**Recorded information**
------------------------------------------------------------------------

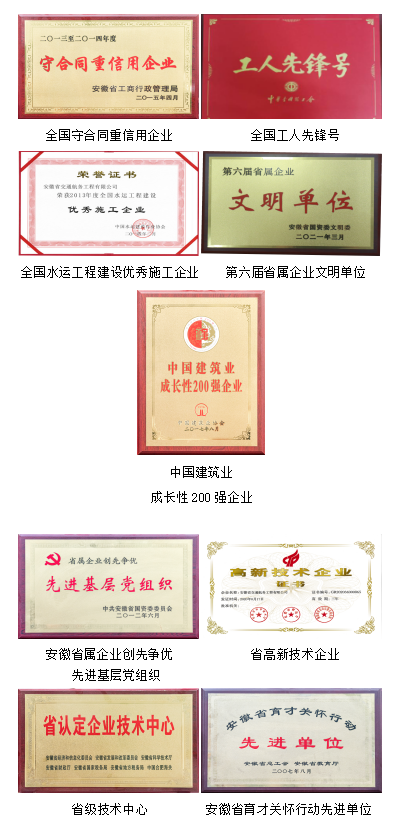 安徽省交通航務(wù)工程有限公司是安徽建工集團(tuán)旗下骨干成員企業(yè),系安徽省首家市政特級(jí)資質(zhì)企業(yè),已同集團(tuán)公司整體上市(股票代碼:600502),注冊(cè)資本10億元,擁有建筑裝修裝飾工程、古建筑工程、河湖整治工程、環(huán)保工程、地基基礎(chǔ)工程、電子與智能化工程、橋梁工程、隧道工程8項(xiàng)壹級(jí)專業(yè)承包資質(zhì),以及建筑工程施工、公路工程施工、港口與航道工程施工、機(jī)電工程施工4項(xiàng)壹級(jí)總承包資質(zhì),具備港口與航道工程、公路工程、水利水電工程、礦山工程、鋼結(jié)構(gòu)、地質(zhì)災(zāi)害處理、河湖整治等施工能力。近年來,公司先后獲評(píng)全國(guó)“重合同、守信用”企業(yè)、中國(guó)建筑業(yè)競(jìng)爭(zhēng)性百強(qiáng)企業(yè)、全國(guó)水運(yùn)優(yōu)秀施工企業(yè)、省高新技術(shù)企業(yè)、第六屆省屬企業(yè)文明單位等殊榮,連續(xù)多年獲評(píng)“全國(guó)工人先鋒號(hào)”,擁有1個(gè)院士科研工作基地、1個(gè)省級(jí)企業(yè)技術(shù)中心、1個(gè)省級(jí)科技研發(fā)中心,近2年累計(jì)發(fā)明專利10項(xiàng)、省部級(jí)工法15項(xiàng)、實(shí)用新型專利20項(xiàng)。
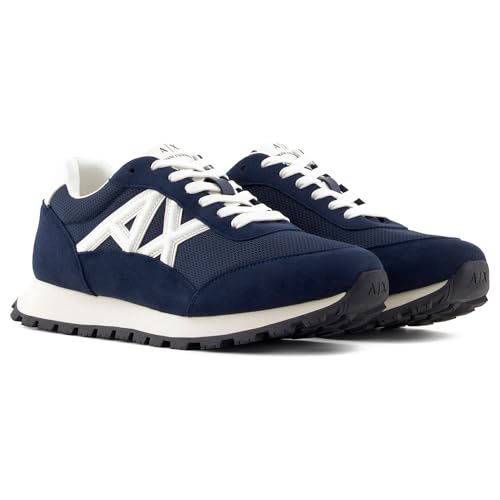 Armani Exchange Men's Essential Drop Mesh Details Trainers, Navy Off, 9 UK
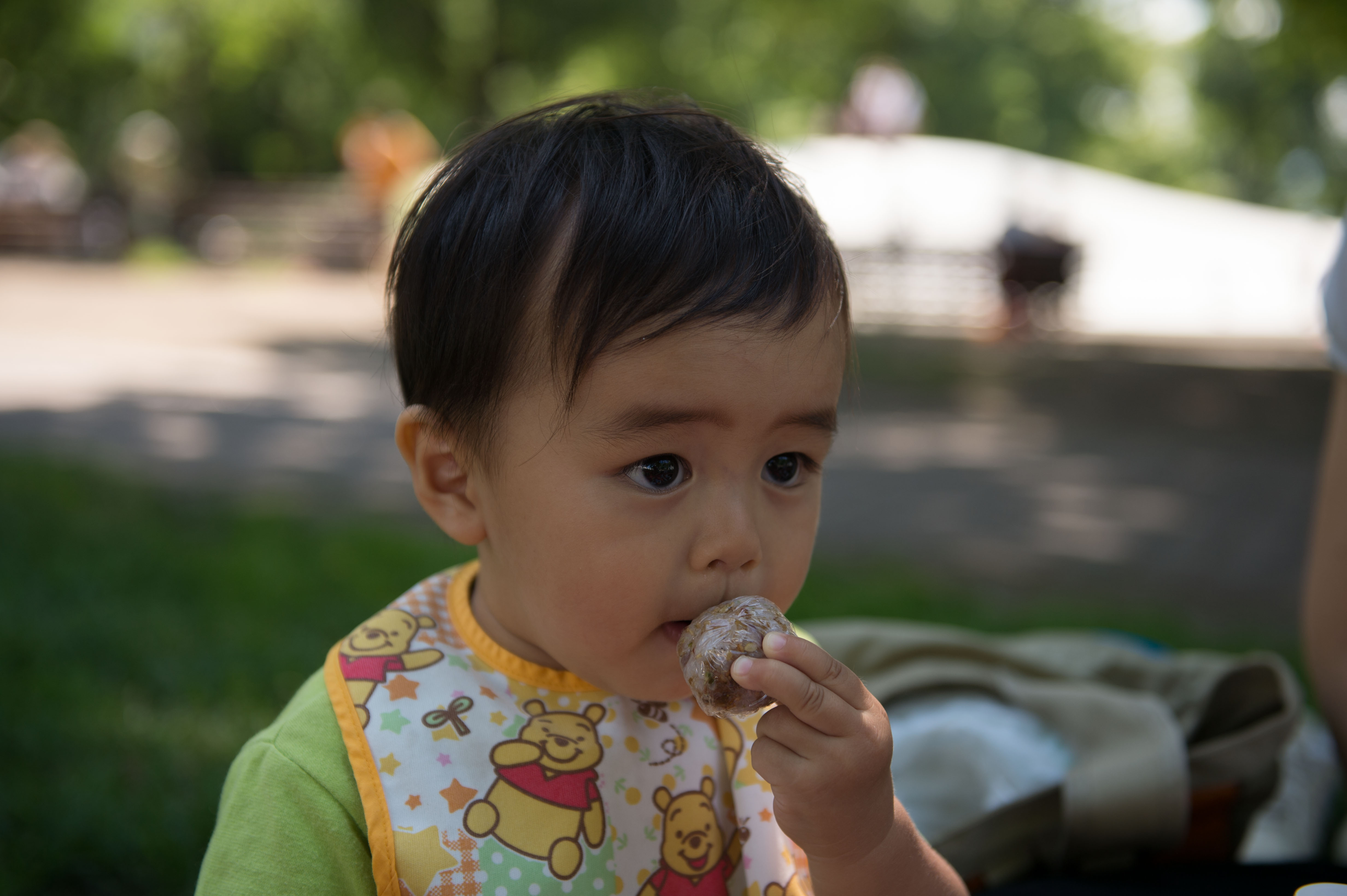 ランチは3人で一緒です。岳用特製おにぎりはまだラップを剥がしていないのに!(^^)

------------------------------------------------------------------------

**About this task**
Please give every line above again word for word, apart from the pictures.

**Result of this exercise**
 安徽省交通航務(wù)工程有限公司是安徽建工集團(tuán)旗下骨干成員企業(yè),系安徽省首家市政特級(jí)資質(zhì)企業(yè),已同集團(tuán)公司整體上市(股票代碼:600502),注冊(cè)資本10億元,擁有建筑裝修裝飾工程、古建筑工程、河湖整治工程、環(huán)保工程、地基基礎(chǔ)工程、電子與智能化工程、橋梁工程、隧道工程8項(xiàng)壹級(jí)專業(yè)承包資質(zhì),以及建筑工程施工、公路工程施工、港口與航道工程施工、機(jī)電工程施工4項(xiàng)壹級(jí)總承包資質(zhì),具備港口與航道工程、公路工程、水利水電工程、礦山工程、鋼結(jié)構(gòu)、地質(zhì)災(zāi)害處理、河湖整治等施工能力。近年來,公司先后獲評(píng)全國(guó)“重合同、守信用”企業(yè)、中國(guó)建筑業(yè)競(jìng)爭(zhēng)性百強(qiáng)企業(yè)、全國(guó)水運(yùn)優(yōu)秀施工企業(yè)、省高新技術(shù)企業(yè)、第六屆省屬企業(yè)文明單位等殊榮,連續(xù)多年獲評(píng)“全國(guó)工人先鋒號(hào)”,擁有1個(gè)院士科研工作基地、1個(gè)省級(jí)企業(yè)技術(shù)中心、1個(gè)省級(jí)科技研發(fā)中心,近2年累計(jì)發(fā)明專利10項(xiàng)、省部級(jí)工法15項(xiàng)、實(shí)用新型專利20項(xiàng)。
 Armani Exchange Men's Essential Drop Mesh Details Trainers, Navy Off, 9 UK
 ランチは3人で一緒です。岳用特製おにぎりはまだラップを剥がしていないのに!(^^)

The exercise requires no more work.